Dans une certaine mesure, les principaux composants de ce modèle proviennent d’études anthropologiques menées par Marcel Griaule et ses étudiants, mettant en particulier l’accent sur l’exégèse de la société dogon à travers une compréhension pointue de leur mythologie. Quand ces éléments sont mélangés dans les brochures de voyage avec des descriptions colorées des falaises de Bandiagara, l’image d’une société mystérieuse, exotique et lointaine est habilement restituée.

Lane 1988 : 66[23]

Un tel scénario est toujours plus ou moins attribué à un exotisme entremêlé avec la production anthropologique qui lui sert de légitimation. Le champ touristique est traversé par des divisions entre les « purs » et les « commerciaux », ces derniers produisant le discours dominant. De façon générale, le discours web-touristique étudié ne s’écarte pas du modèle touristique discursif dominant et est même tourné vers la reproduction de ce modèle international et populaire dans lequel la plupart des activités touristiques sont gérées. Mais, « comme toute activité enchantée, le tourisme repose sur la dénégation de sa réalité économique. Tout doit se passer comme si les rapports étaient directs, personnels et transparents » (Winkin 2001 : 222-223). Il y aurait même un effort pour « protéger l’aimable innocence indigène que violentent conquistadores, créoles, colons et autres fauteurs d’urbanisation » (Bayart 1996 : 85). En réalité, ces pratiques désintéressées ne cessent d’obéir à l’intérêt économique, « alors même qu’elles donnent toutes les apparences du désintéressement » (Bourdieu 2000 : 362). Ainsi, quoi qu’il fasse, l’alter-tourisme reste un spectacle piégé par la domination du modèle même du tourisme qu’il combat.

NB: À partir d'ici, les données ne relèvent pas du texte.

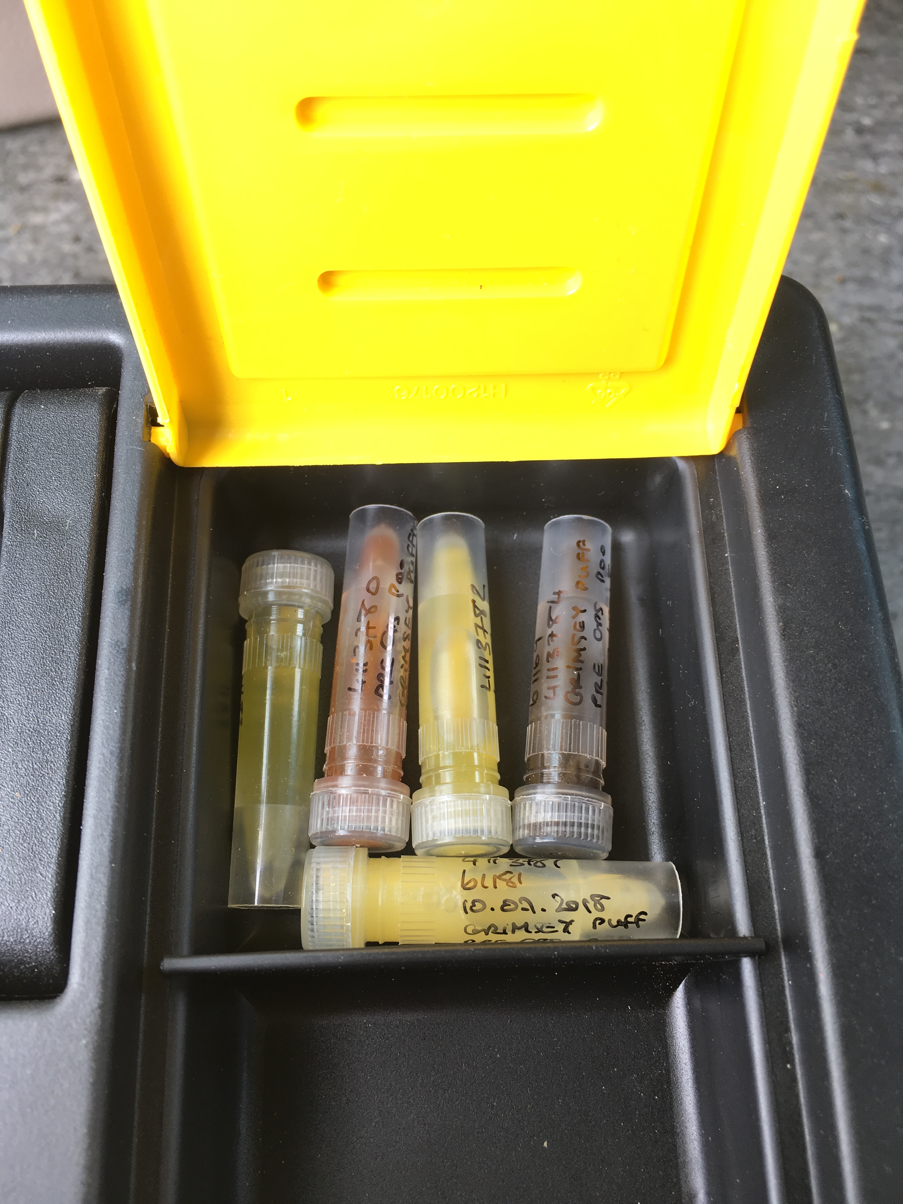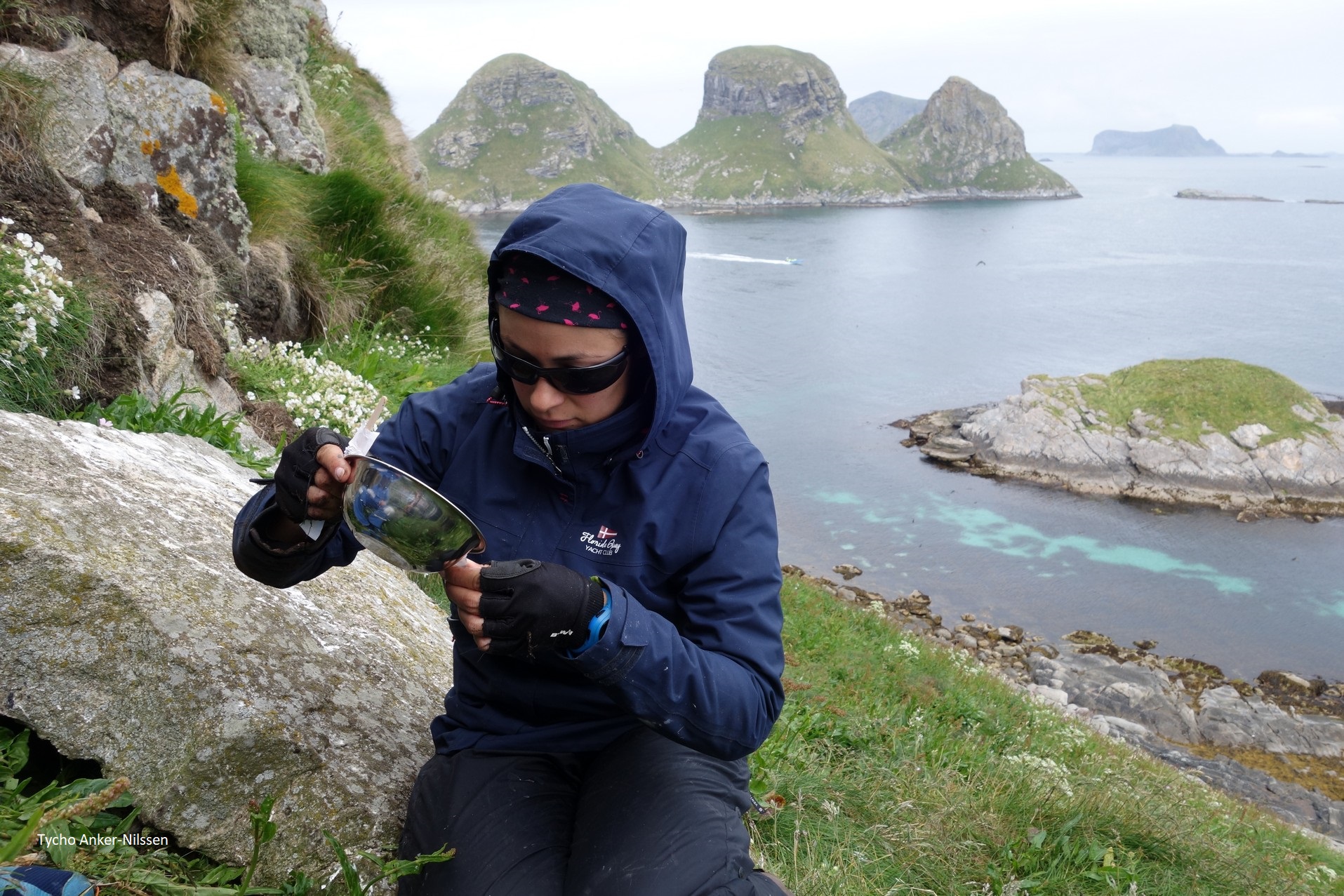 Left: collecting puffin poop in Norway (photo: T Anker-Nilssen). Centre: puffin faecal samples in tubes (photo: A Fayet). Right: deploying camera traps in Norway (photo: T Anker-Nilssen)
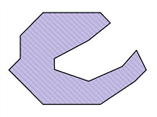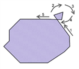 Un prétraitement du polygone de la face est requis si son bord se recoupe (voir Table 37, exemple n° 5). Dans ce cas, la face est décomposée en segments individuels non recoupés. La décomposition s’effectue de telle sorte que tous les composants ne se recoupent pas mutuellement. L’orientation des segments est conservée, ce qui signifie qu’une fioriture telle que dans l’exemple n°5 de la Table 37 est interprétée comme une face négative. Les polygones positifs et négatifs ainsi déterminés sont unis au résultat intermédiaire des faces considérées auparavant. Aucune décomposition n’est requise lorsque le bord ne présente aucun recoupement. Le polygone préexistant peut être directement uni au résultat intermédiaire des faces considérées auparavant.
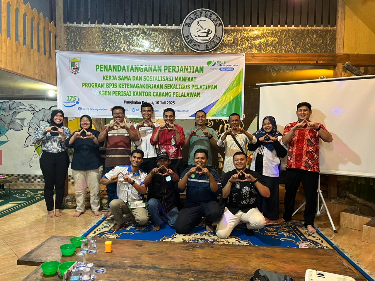 Fhoto Bersama Peserta Calon Agen perisai dari FSPMI bersama BPJS Ketenagakerjaan Cabang Pelalawan, Riau dalam Penandatanganan Kerja Bersama dan Sosialisasi Manfaat Jaminan BPJS Ketenagakerjaan yang dilaksanakan di Caffe Kampung Kopi, Pangkalan Kerinci, Pelawan Riau. Kamis (10/7/25). Fhoto : MP Pelalawan
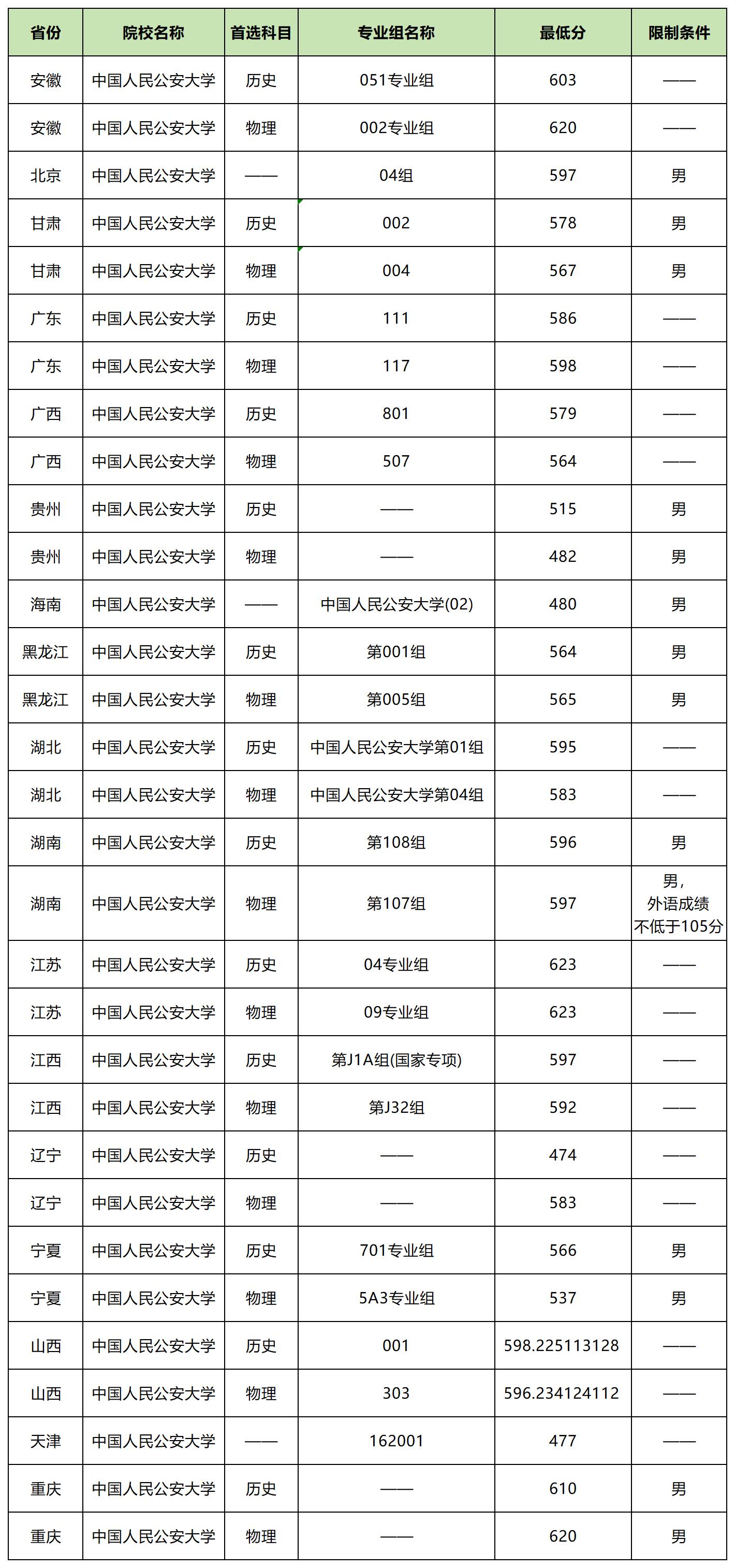 2025年中国人民公安大学在北京招生最低分为597分(综合改革,男生);
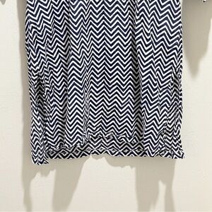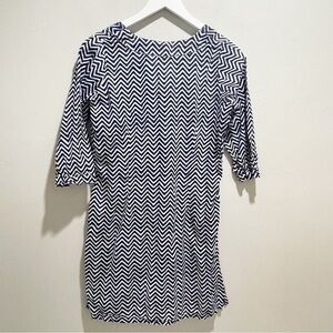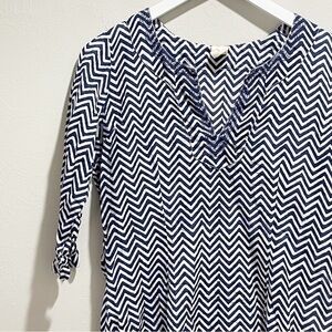 YALA Women’s Blue Zig Zag Stripe Organic Cotton Tunic Top Embroidered Size Small

Les pages web qui font l’objet de ce travail donnent force à l’exotique, à l’exotisme ou même à l’« exotisation » et à la préservation, voire à la primitivité du Pays Dogon. Ces leviers fondent la substantivation de l’identité dogon, renouvelant ainsi les stéréotypes et le discours colonial, qui, en retour, viennent renforcer l’identité ethnique dogon.

Substantivation de l’identité

Le discours web-touristique n’échappe pas à cette logique où l’autochtone est en quelque sorte et en définitive évacué. Les Dogon eux-mêmes ne proposent que très peu de contenus qui leur sont propres, sinon de façon très marginale. Lorsqu’il est présent, l’individu dogon apparaît stéréotypé – artisan, paysan, bouvier, danseur, guide – et localisé, parce qu’il est attaché à un lieu et à une activité précise.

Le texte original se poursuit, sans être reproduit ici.